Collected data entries

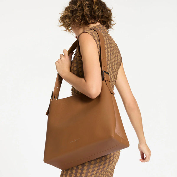 Built to handle almost any size impulse purchase, the Forget About It Bag has a magnet close top, an edgy angular silhouette and branded strap buckles.
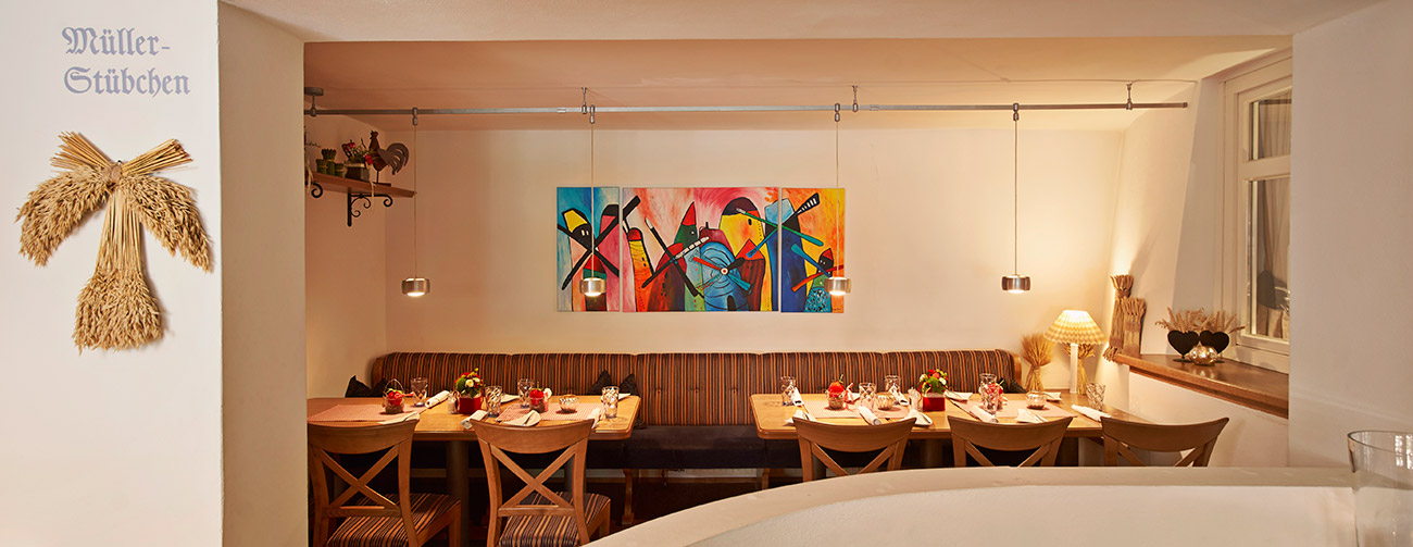 Räumlichkeiten Windmühlenstube Eine runde Sache Die runde Windmühlenstube mit ihren 40 Plätzen ist wohl einzigartig in der gesamten Region ... Weiterlesen Kaminstube Holz und viel Gemütlichkeit Viel Holz, inklusive des großen massiven Stammtisches - für ein Abendessen mit Freunden oder der Familie ... Weiterlesen MüllerstübchenPlatz mit dem Mühlencharakter Unser Müllerstübchen liegt etwas separat und durch den offenen Blick ins Kaminzimmer fühlt sich der Gast ... Weiterlesen Terrasse Ein Platz an der Sonne Was gibt es Schöneres als an warmen Sommertagen Kaffee und Kuchen oder an lauen Abenden ein Wolfsbarschfilet ... Weiterlesen
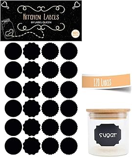 LabelQueen Lot de 120 étiquettes de cuisine rondes 4,5 cm - Pour bocaux en verre - Couleur : noir mat - Étiquettes pour étiquettes à épices et autocollants à confiture - 5 feuilles de 24 autocollants
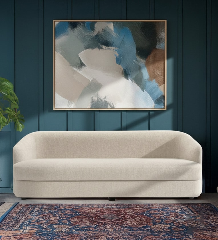 Introducing NestRoots' premium three-seater sofa set, upholstered in elegant boucle fabric with a plain Creme color. Crafted for sophistication, this designer furniture elevates your living room with premium luxury. Experience unparalleled comfort and style with each piece meticulously crafted to perfection. Redefine your home with NestRoots' exclusive collection, where sophistication meets comfort in every detail.
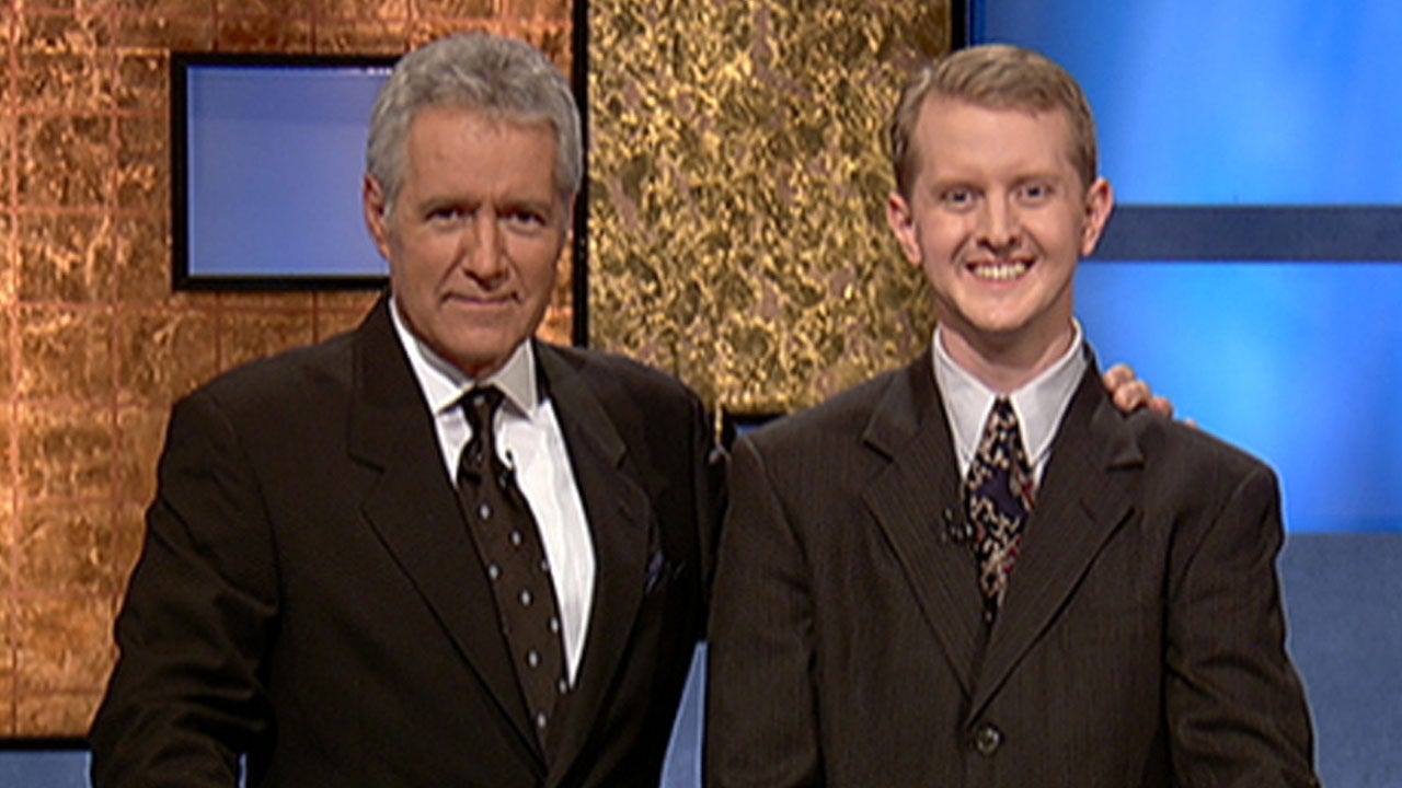 Alex Trebek and Ken Jennings met in 2004 when Jennings began his record-breaking winning streak on "Jeopardy!" (Jeopardy Productions via Getty Images)
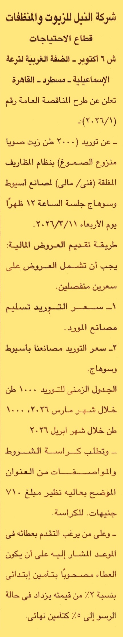 HOT information مناقصة عامة رقم 1/2026 لعملية توريد 2000 طن زيت صويا منزوع الصموغ عن جريدة الجمهورية Post navigation نادي صيد وادي النطرون شركة مطاحن ومخابز شمال القاهرة
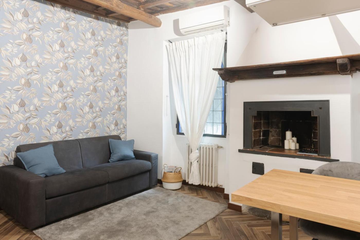 Appartamento con 1 Camera da Letto. The fireplace is the standout feature of this apartment. The well-equipped kitchen has a stovetop, a refrigerator, kitchenware and a toaster. The spacious air-conditioned apartment features a flat-screen TV, a private entrance, a coffee machine, a seating area as well as garden views. The unit has 2 beds.
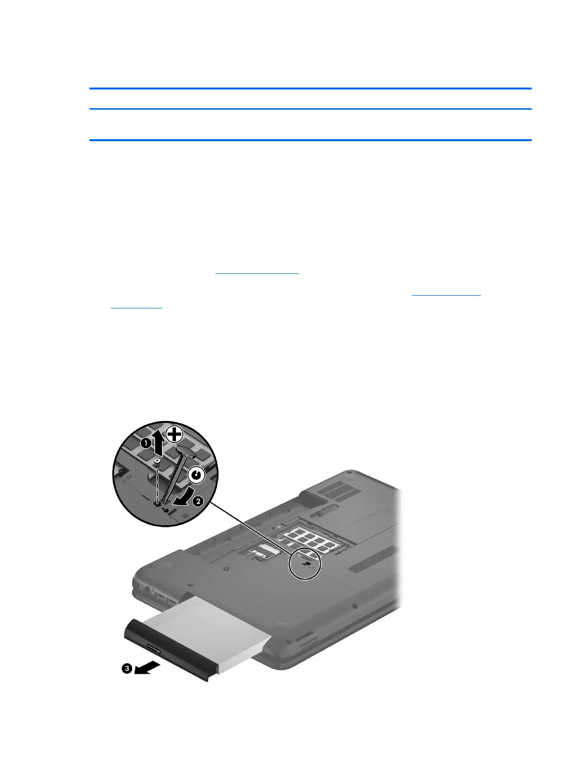 Use a flat-blade screw driver or similar tool to press on the optical drive bracket tab (2) to release
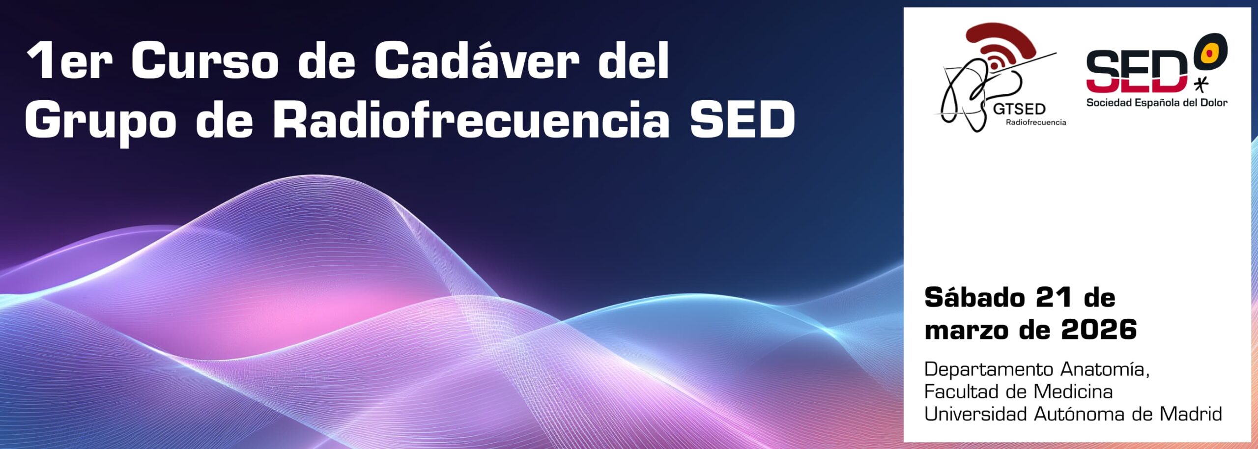 El Grupo de Radiofrecuencia de la Sociedad Española del Dolor – SED, organiza este primer programa académico de taller especializado en técnicas de radiofrecuencia para el tratamiento del dolor en cadáver, desarrollándose íntegramente en el Departamento de Anatomía de la Universidad Autónoma de Madrid.
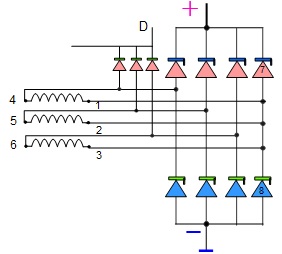 Сатор имеет 6 выводов, которые сгруппированы так, как показано на рисунке. Точки 1,2,3 диодный мост объединяет в одну точку, а точки 4,5,6 являются выводами фаз. так обмотки соединяются в звезду.
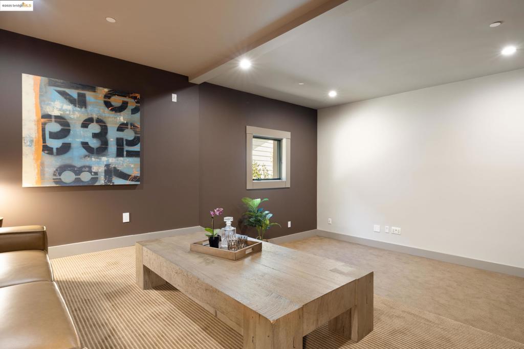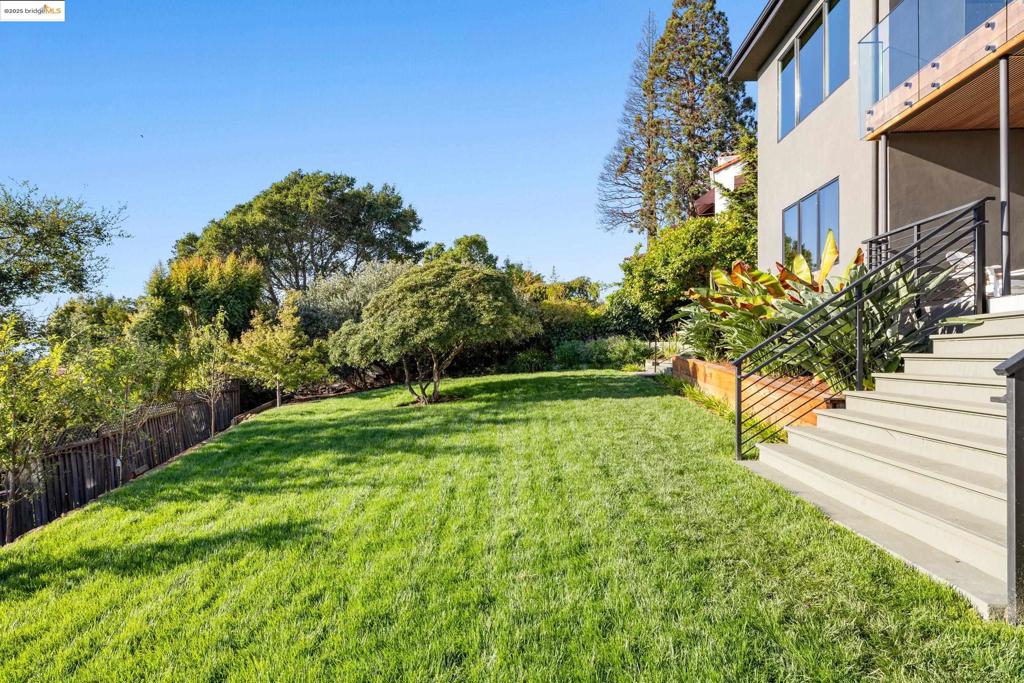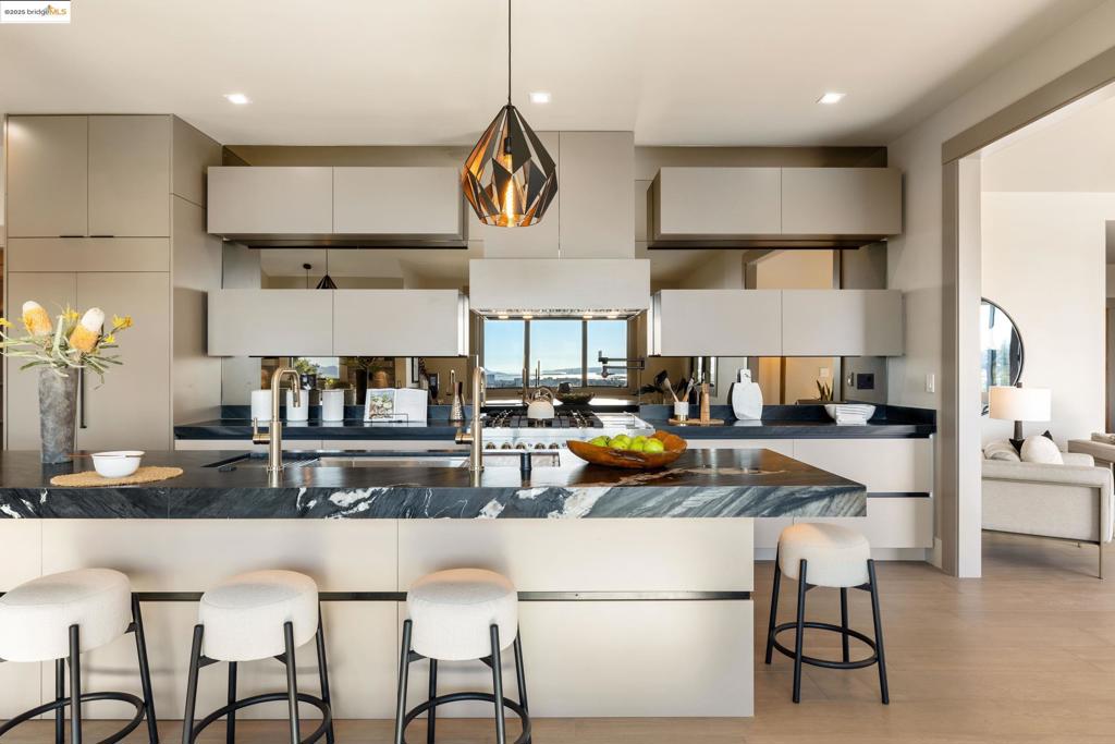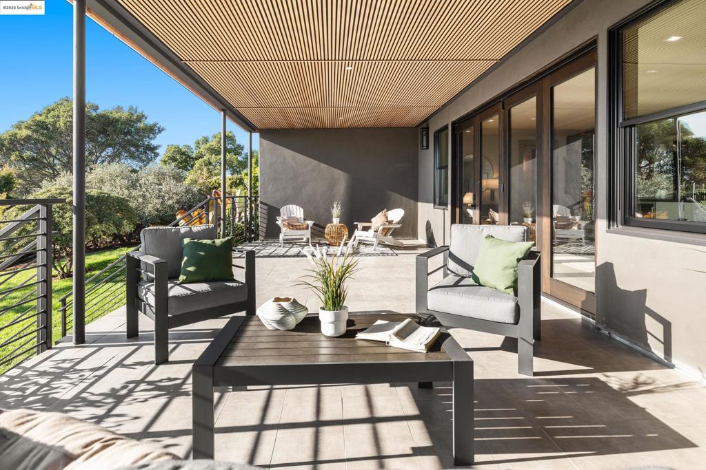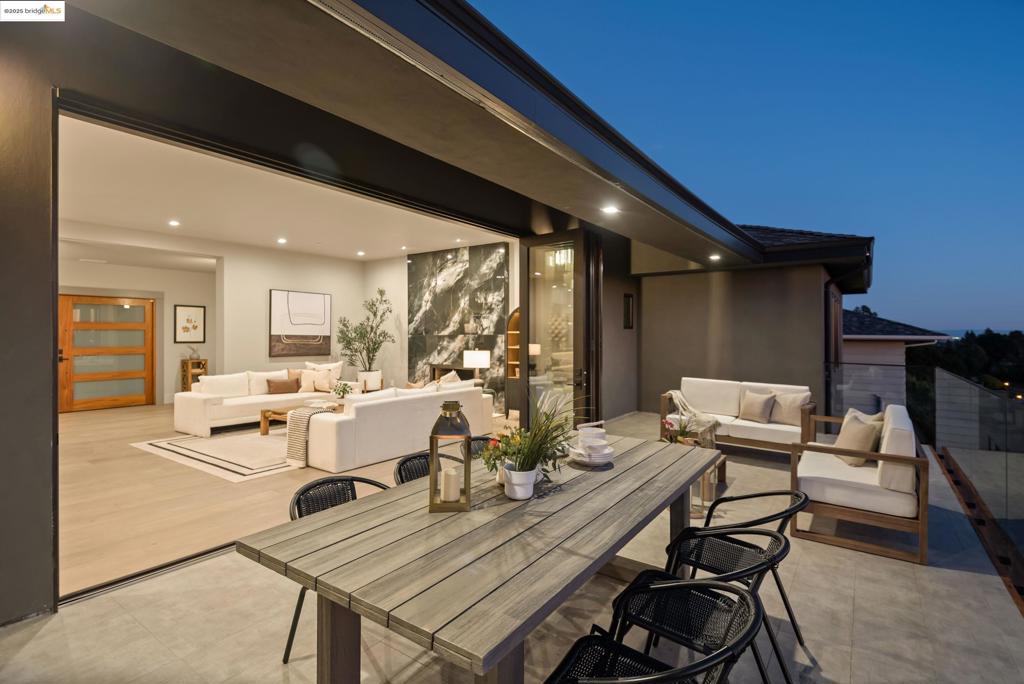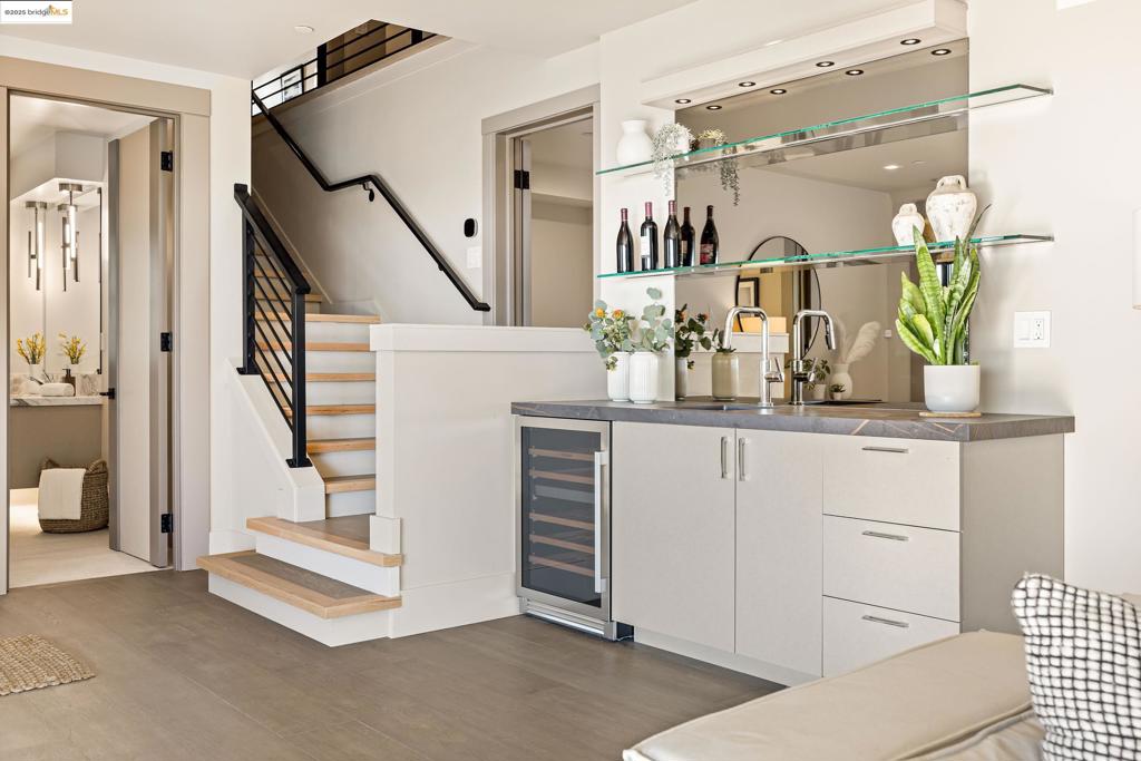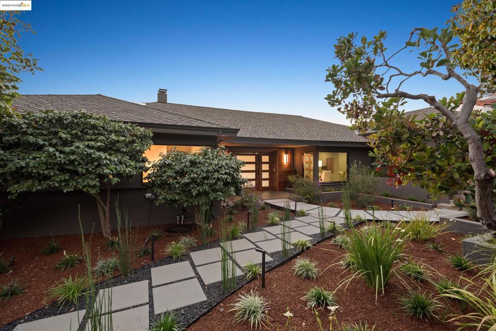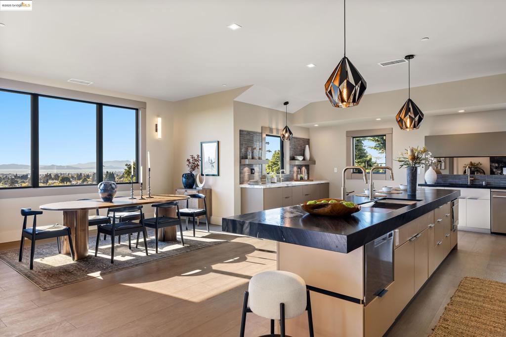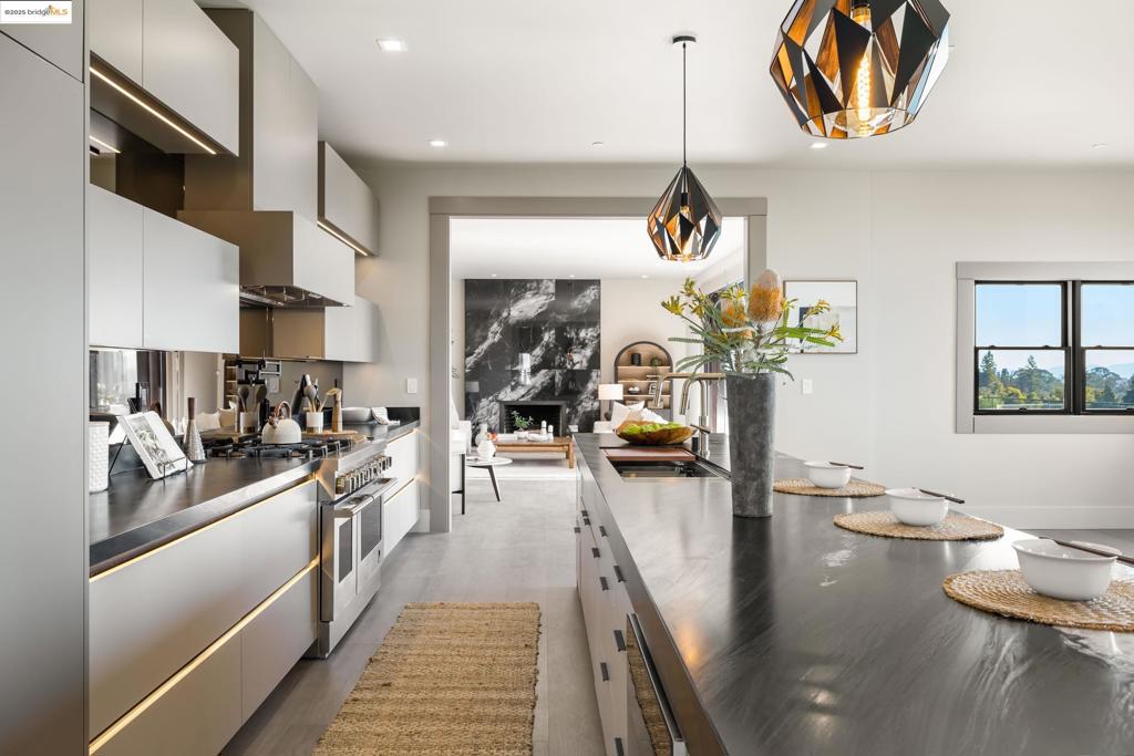 Perched in prestigious Claremont Pines, 5737 Country Club Drive is a reimagined 1952 residence that masterfully marries midcentury heritage with contemporary sophistication. Expanded and meticulously renovated, the home embraces natural light, clean lines, and sweeping views of the San Francisco Bay and skyline. A private garden entry and custom pivot door lead to the main level, where a dramatic living room with fireplace and wall-to-wall glass accordion doors open to a deck with frameless railings. At the heart of the home, the kitchen and dining room showcase a sculpted stone island with dual faucets, a bespoke coffee bar with brass sink, & a prep bar with wine fridge, and secondary dishwasher. A pantry, laundry suite, two powder rooms, garage, office, & ensuite bedroom complete the level, while the primary suite offers dual walk-in closets & a spa-inspired bath with glass rain shower, freestanding tub, custom stone vanity, water closet, & sliding doors that frame the view. The lower level features a family room with fireplace and wet bar, two ensuite bedrooms, a theater, wine cellar, flex room, & fitness space opening to landscaped gardens and a flat lawn—seamlessly blending hillside tranquility with urban connectivity for a rare fusion of architecture, setting and lifestyle.

§ DESCRIPTION OF THE TASK
A faithful, complete copy of the entries is required, without the pictures.

§ RESULT OF THE EXERCISE
 Built to handle almost any size impulse purchase, the Forget About It Bag has a magnet close top, an edgy angular silhouette and branded strap buckles.
 Räumlichkeiten Windmühlenstube Eine runde Sache Die runde Windmühlenstube mit ihren 40 Plätzen ist wohl einzigartig in der gesamten Region ... Weiterlesen Kaminstube Holz und viel Gemütlichkeit Viel Holz, inklusive des großen massiven Stammtisches - für ein Abendessen mit Freunden oder der Familie ... Weiterlesen MüllerstübchenPlatz mit dem Mühlencharakter Unser Müllerstübchen liegt etwas separat und durch den offenen Blick ins Kaminzimmer fühlt sich der Gast ... Weiterlesen Terrasse Ein Platz an der Sonne Was gibt es Schöneres als an warmen Sommertagen Kaffee und Kuchen oder an lauen Abenden ein Wolfsbarschfilet ... Weiterlesen
 LabelQueen Lot de 120 étiquettes de cuisine rondes 4,5 cm - Pour bocaux en verre - Couleur : noir mat - Étiquettes pour étiquettes à épices et autocollants à confiture - 5 feuilles de 24 autocollants
 Introducing NestRoots' premium three-seater sofa set, upholstered in elegant boucle fabric with a plain Creme color. Crafted for sophistication, this designer furniture elevates your living room with premium luxury. Experience unparalleled comfort and style with each piece meticulously crafted to perfection. Redefine your home with NestRoots' exclusive collection, where sophistication meets comfort in every detail.
 Alex Trebek and Ken Jennings met in 2004 when Jennings began his record-breaking winning streak on "Jeopardy!" (Jeopardy Productions via Getty Images)
 HOT information مناقصة عامة رقم 1/2026 لعملية توريد 2000 طن زيت صويا منزوع الصموغ عن جريدة الجمهورية Post navigation نادي صيد وادي النطرون شركة مطاحن ومخابز شمال القاهرة
 Appartamento con 1 Camera da Letto. The fireplace is the standout feature of this apartment. The well-equipped kitchen has a stovetop, a refrigerator, kitchenware and a toaster. The spacious air-conditioned apartment features a flat-screen TV, a private entrance, a coffee machine, a seating area as well as garden views. The unit has 2 beds.
 Use a flat-blade screw driver or similar tool to press on the optical drive bracket tab (2) to release
 El Grupo de Radiofrecuencia de la Sociedad Española del Dolor – SED, organiza este primer programa académico de taller especializado en técnicas de radiofrecuencia para el tratamiento del dolor en cadáver, desarrollándose íntegramente en el Departamento de Anatomía de la Universidad Autónoma de Madrid.
 Сатор имеет 6 выводов, которые сгруппированы так, как показано на рисунке. Точки 1,2,3 диодный мост объединяет в одну точку, а точки 4,5,6 являются выводами фаз. так обмотки соединяются в звезду.
 Perched in prestigious Claremont Pines, 5737 Country Club Drive is a reimagined 1952 residence that masterfully marries midcentury heritage with contemporary sophistication. Expanded and meticulously renovated, the home embraces natural light, clean lines, and sweeping views of the San Francisco Bay and skyline. A private garden entry and custom pivot door lead to the main level, where a dramatic living room with fireplace and wall-to-wall glass accordion doors open to a deck with frameless railings. At the heart of the home, the kitchen and dining room showcase a sculpted stone island with dual faucets, a bespoke coffee bar with brass sink, & a prep bar with wine fridge, and secondary dishwasher. A pantry, laundry suite, two powder rooms, garage, office, & ensuite bedroom complete the level, while the primary suite offers dual walk-in closets & a spa-inspired bath with glass rain shower, freestanding tub, custom stone vanity, water closet, & sliding doors that frame the view. The lower level features a family room with fireplace and wet bar, two ensuite bedrooms, a theater, wine cellar, flex room, & fitness space opening to landscaped gardens and a flat lawn—seamlessly blending hillside tranquility with urban connectivity for a rare fusion of architecture, setting and lifestyle.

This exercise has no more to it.